“Ce qui arrive à Gaza pourrait nous arriver si nous ne l’arrêtons pas”

La rédaction
16:2131/10/2025, Cuma
Yeni Şafak

À Istanbul, le Dr Mads Gilbert dénonce la destruction systématique du système de santé à Gaza.


Le médecin norvégien, figure de la solidarité internationale, appelle à unir science, art et engagement moral pour amplifier la résistance palestinienne.


Devant une salle comble à l’Université d’Istanbul, le médecin urgentiste norvégien Dr Mads Gilbert a livré un témoignage bouleversant sur la situation sanitaire à Gaza. Son intervention, l’une des plus marquantes du Tribunal sur Gaza, a mis en lumière ce qu’il qualifie de
« destruction méthodique et intentionnelle »
du système de santé palestinien.

“Derrière chaque chiffre, un être humain”


Spécialiste des urgences et témoin de terrain depuis plus de quarante ans, Mads Gilbert a commencé son allocution en égrenant les noms de médecins, infirmiers et ambulanciers palestiniens tués avec leurs familles depuis le début de la guerre.


« Derrière chaque chiffre, il y a un être humain, une famille, un soignant, une histoire »,
a-t-il déclaré, visiblement ému.

Le médecin a présenté des chiffres alarmants : plus de 1 700 travailleurs de santé tués, 301 arrêtés, des centaines d’hôpitaux et d’ambulances détruits. Selon lui, ces attaques ne sont pas des “dégâts collatéraux”, mais une stratégie de guerre visant à effondrer la capacité de survie du peuple palestinien.


« L’hôpital est le filet de sécurité de toute société. Quand on l’élimine, on vise la société elle-même »
, a-t-il affirmé.

Une expertise forgée dans les zones de guerre


Connu pour ses interventions à Gaza pendant les offensives israéliennes de 2008, 2014 et 2021, Mads Gilbert n’en est pas à son premier témoignage. Professeur de médecine d’urgence à l’Université de Tromsø (Norvège), il a consacré sa carrière à documenter les conséquences humanitaires des guerres, du Liban à la Palestine.


À Istanbul, il a replacé la crise actuelle dans un cadre historique :


« Ce n’est pas une guerre de deux ans. C’est la continuité d’une occupation de plus de quarante ans. La cause première de la mauvaise santé à Gaza, c’est l’occupation israélienne. »

Ses interventions, soutenues par des données de l’ONU et de l’OMS, visaient à établir une chaîne de responsabilité internationale pour ce qu’il a décrit comme un “génocide systématique” contre les Palestiniens.


Quand la science rencontre la résistance


Aux côtés de l’artiste islandaise-norvégienne Charlotte Qvale, Mads Gilbert a également plaidé pour une nouvelle forme de solidarité internationale : allier art et science pour
“porter la vérité au-delà des cercles militants”.

« La connaissance seule n’a pas d’ailes »
, a-t-il expliqué.
« Elle reste dans les bibliothèques si nous ne la relions pas à la culture, à la création, à l’émotion. »
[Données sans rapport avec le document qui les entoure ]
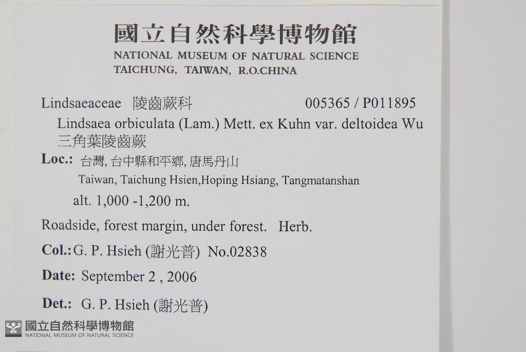 Scientific Name: Lindsaea orbiculata (Lam.) Mett. ex Kuhn var. deltoidea Wu
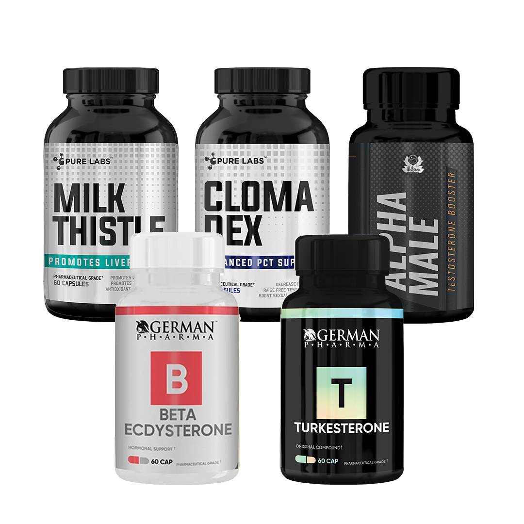 This 5 product stack delivers everything you need to build lean muscle safely and recover optimally. This stack includes 2 of the most effective natural muscle builders, on-cycle support, alpha male and our best-selling PCT. With the stack, you can expect to increase muscle size and strength over a 2 month period with a great sense of well-being, followed by optimal recovery.
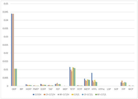 Impact assessment for scenarios CPP/H, CF-CCT/H, RF-CCT/H, CPP/L, CF-CCT/L, RF-CCT/L using the ReCiPe Midpoint (H) method.
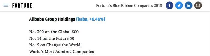 這也是中國(guó)公司首次入選這一全球視野內(nèi)的商業(yè)“全明星”榜單,它也意味著需要一年中至少四次入選《財(cái)富》榜單。一年以來(lái),阿里巴巴先后獲評(píng)“財(cái)富500強(qiáng)”,“未來(lái)50強(qiáng)第14名”,“改變世界的5大公司”,“最受贊賞公司”等一系列《財(cái)富》榜單。
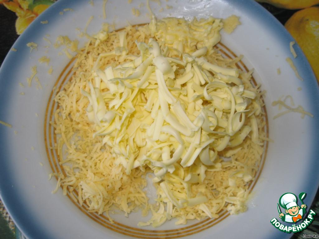 Для начала приготовить начинку: сыр и масло натереть на терке, перемешать и убрать в холодильник.
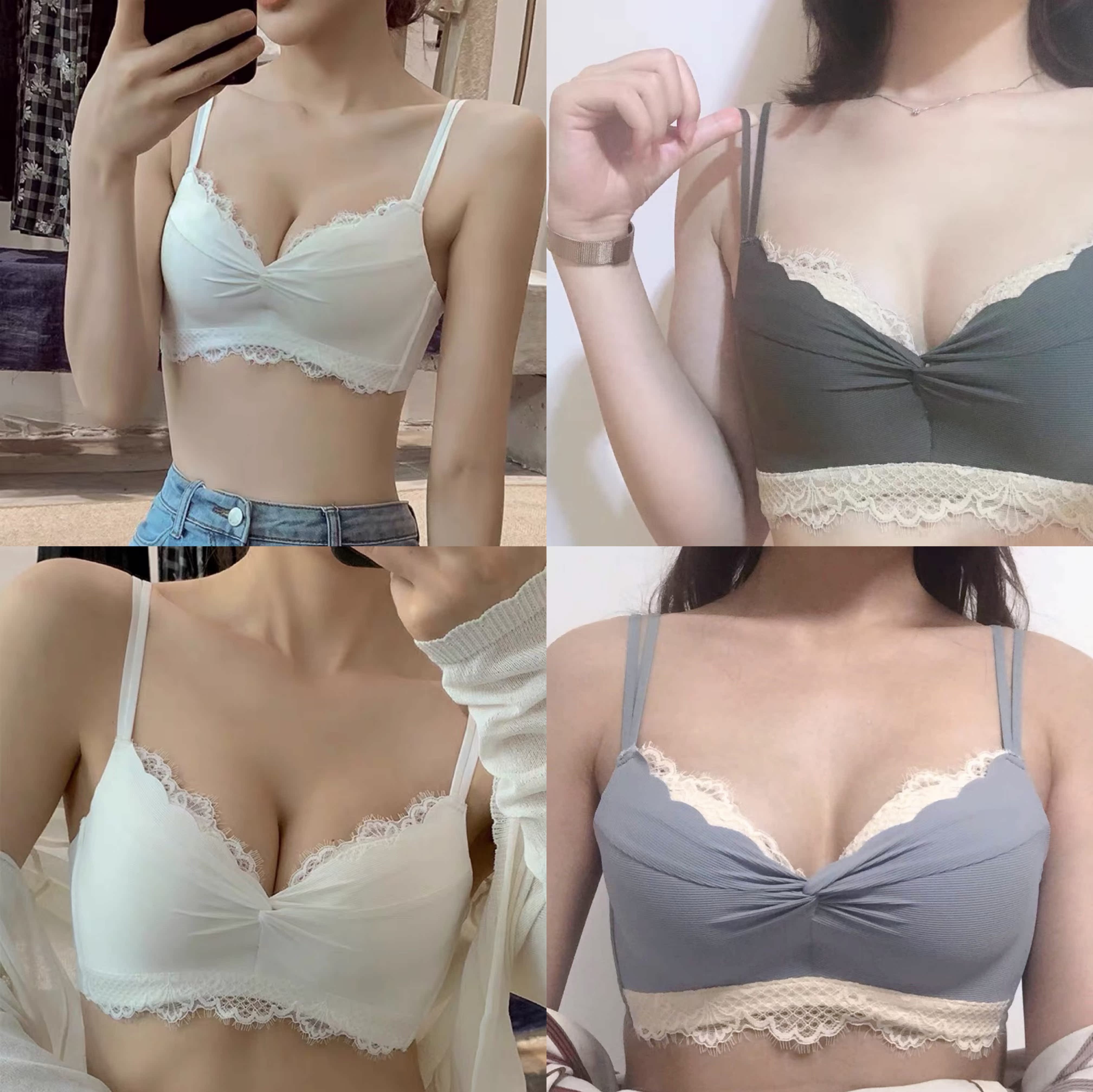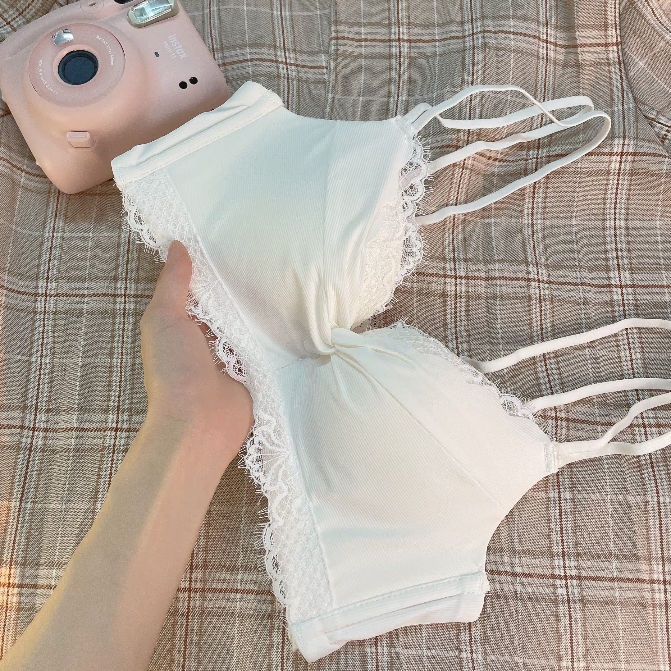 Deep alley hominin underwear women's small breasts gather bra adolescent girls double shoulder with beauty back thin and summer without steel ring
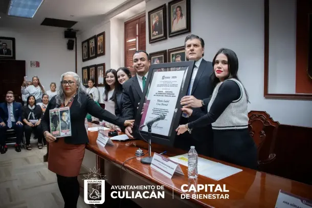 Culiacán, Sin., a 17 de diciembre de 2024.- En Sesión Solemne de Cabildo, la destacada activista María Isabel Cruz Bernal recibió el Premio Municipal de Derechos Humanos de Culiacán, en reconocimiento a su incansable labor a favor de las madres de personas desaparecidas.
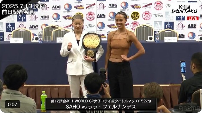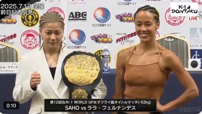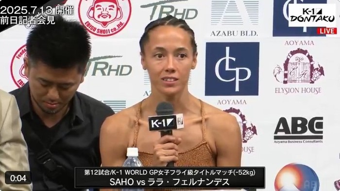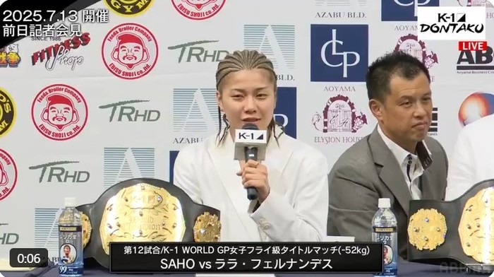 また、6月29日の『RISE』でRISE QUEENフライ級王座を防衛したテッサ・デ・コム(オランダ)が、試合後に「自分が戦いたいのはK-1のSAHO選手」と名を挙げたことに対して「私もその選手は見ていて強いなとずっと思っていて。まさか向こうから私の名前を挙げてくるとは思っていなかったので、ぜひK-1の舞台で呼んでくれるならいつでもやるのでやりたいです」と、いつでも受けて立つと話した。
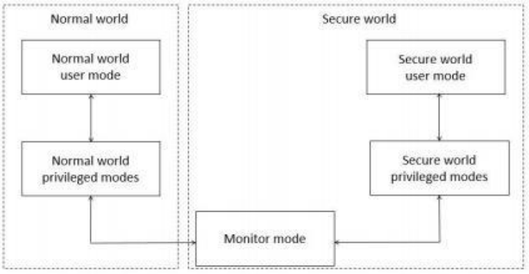 ARM公司提出的TrustZone技術實現硬件隔離機制,主要針對嵌入式移動終端 處 理 器 。T r u s t Z o n e 在 概 念 上 將 S o C 的 硬 件 和 軟 件 資 源 劃 分 為 安 全(SecureWorld)和非安全(NormalWorld)兩個世界。所有需要保密的操作在安全世界執行(如指紋識別、密碼處理、數據加解密、安全認證等),其余操作在非安全世界執行 (如用戶操作系統、各種應用程序等),安全世界和非安全世界通過一個名為MonitorMode的模式進行轉換,如圖2-5:
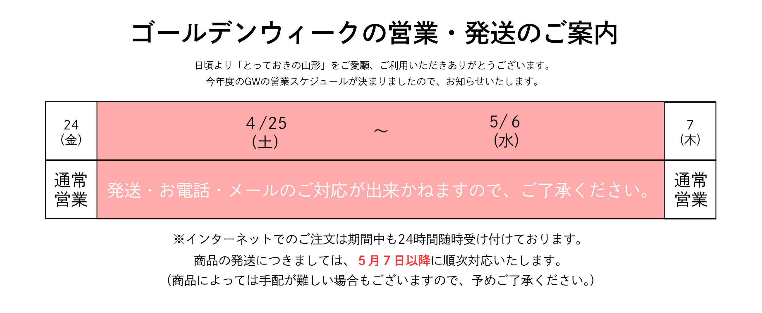 ただいま「とっておきの山形」で商品本体代金3,000円(税込)以上(1配送先ごと)のご購入で、お届けの際の送料が無料になります!
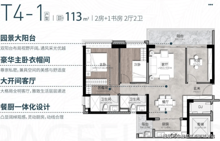 113㎡两房+1书房两厅两卫(平层):该户型布局紧凑合理,空间利用率高。客厅采用大开间设计,连接观景阳台,采光通风效果极佳,推窗即可欣赏中央园林美景;书房可根据家庭需求灵活改造为儿童房或客房,增加空间的实用性;两个卫生间均采用干湿分离设计,保持室内干燥整洁;厨房采用U型布局,操作空间充足,方便日常烹饪。
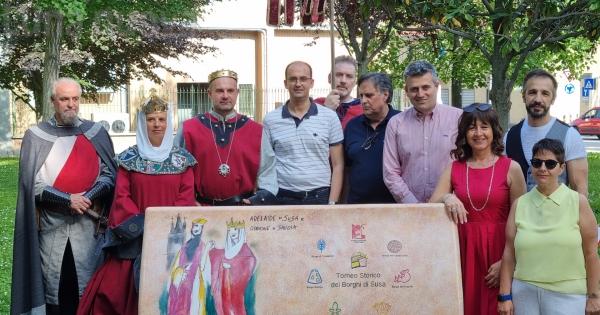 Una panchina, poi un galà serale. È iniziata così l’avventura estiva di Adelaide e Oddone. Marchesa e Conte, impersonati da Lauretta Favro e Davide Pelissero, in rappresentanza del Borgo di Traduerivi, hanno vissuto una lunga e calda giornata sabato. Iniziata nel pomeriggio, nei giardini S.Francesco di Paola, di fronte all’ospedale, dove hanno tenuto a battesimo la panchina letteraria realizzata con un bozzetto dell’artista Luzzati e che rappresenta proprio i signori di Susa, simbolo del Torneo storico dei borghi, che andrà in scena a fine luglio. Una panchina su cui soffermarsi, per godere della frescura e, magari leggere un libro. Uno di quelli che una volta al mese la biblioteca segusina metterà a disposizione proprio lì, in una sorta di bookcrossing...
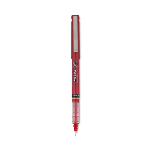 Precise V7 Roller Ball Pen, Stick, Fine 0.7 mm, Red Ink, Red/Clear Barrel, Dozen
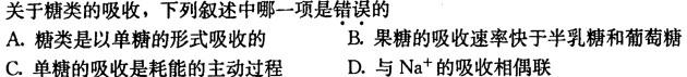 解析 B [考点]营养物质的吸收 [分析]糖类只有分解为单糖才能被小肠上皮细胞所吸收。各种单糖的吸收速率有很大的差别,己糖的吸收很快,戊糖则很 慢。在己糖中,半乳糖和葡萄糖的吸收最快,果糖次之,甘露糖最慢。单糖的吸收是耗能的主动过程,它可逆浓度差进行,能量来自钠泵,属继发性主动转运。
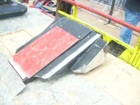 Trax was a box-wedge shaped robot, with a front wedge. It was tracked, as the name suggests, for superior grip and pushing power, and its weapon was a front-hinged flipping arm with a unique rack and pinion system. The statistics board claimed that it was interchangeable with an axe, but this was likely untrue. The flipper was powerful enough to flip robots over, though without the strength required for an out of the arena flip, and the weapon's position on the machine required Trax to be far underneath an opponent to use its weapon, though it would likely prove an effective srimech. Trax boasted a high top speed with its powerful Magmotors, but in return lacked grip on its tracks, and skidded along the arena floor on drives and turns.
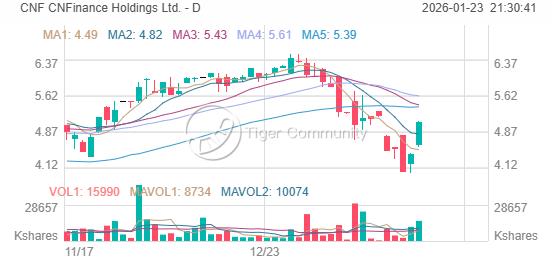 CNF closed at $5.06 on Jan 22, surging +14.74%. This marks a significant move, though it remains -63.6% below its 52-week high of $13.90.

Le duo a déjà organisé en Norvège des forums publics et des concerts mêlant musique, recherche et témoignages, levant plus de 75 000 dollars pour la Palestinian Medical Relief Society.


Cette approche, selon Gilbert, permet de
“transformer la compassion en action”.

Un tribunal citoyen à la portée symbolique


Présidé par Richard Falk, ancien rapporteur spécial de l’ONU sur les droits de l’homme en Palestine, le Tribunal sur Gaza a réuni pendant quatre jours juristes, universitaires et témoins internationaux.


Bien que ses conclusions n’aient pas de valeur juridique contraignante, il vise à constituer un “dossier du peuple” documentant les crimes de guerre et les violations du droit international à Gaza.


Mads Gilbert, par son autorité morale et scientifique, en a incarné la dimension humanitaire. Son message final a résonné comme un appel urgent à la conscience mondiale :


« Solidarité n’est pas un mot. C’est une action. Et le temps est compté. »

Entre témoignage et plaidoyer


L’intervention du Dr Gilbert n’était pas qu’un exposé médical : c’était un acte d’accusation éthique, nourri d’années d’observation directe. Il a appelé les gouvernements, les universités et les artistes à refuser la neutralité face à la souffrance palestinienne.


« La médecine ne peut pas être neutre devant l’injustice. Soigner, c’est résister. »

Son passage à Istanbul aura marqué un tournant dans les travaux du tribunal : la santé devient désormais un champ de bataille politique et moral au cœur de la résistance palestinienne.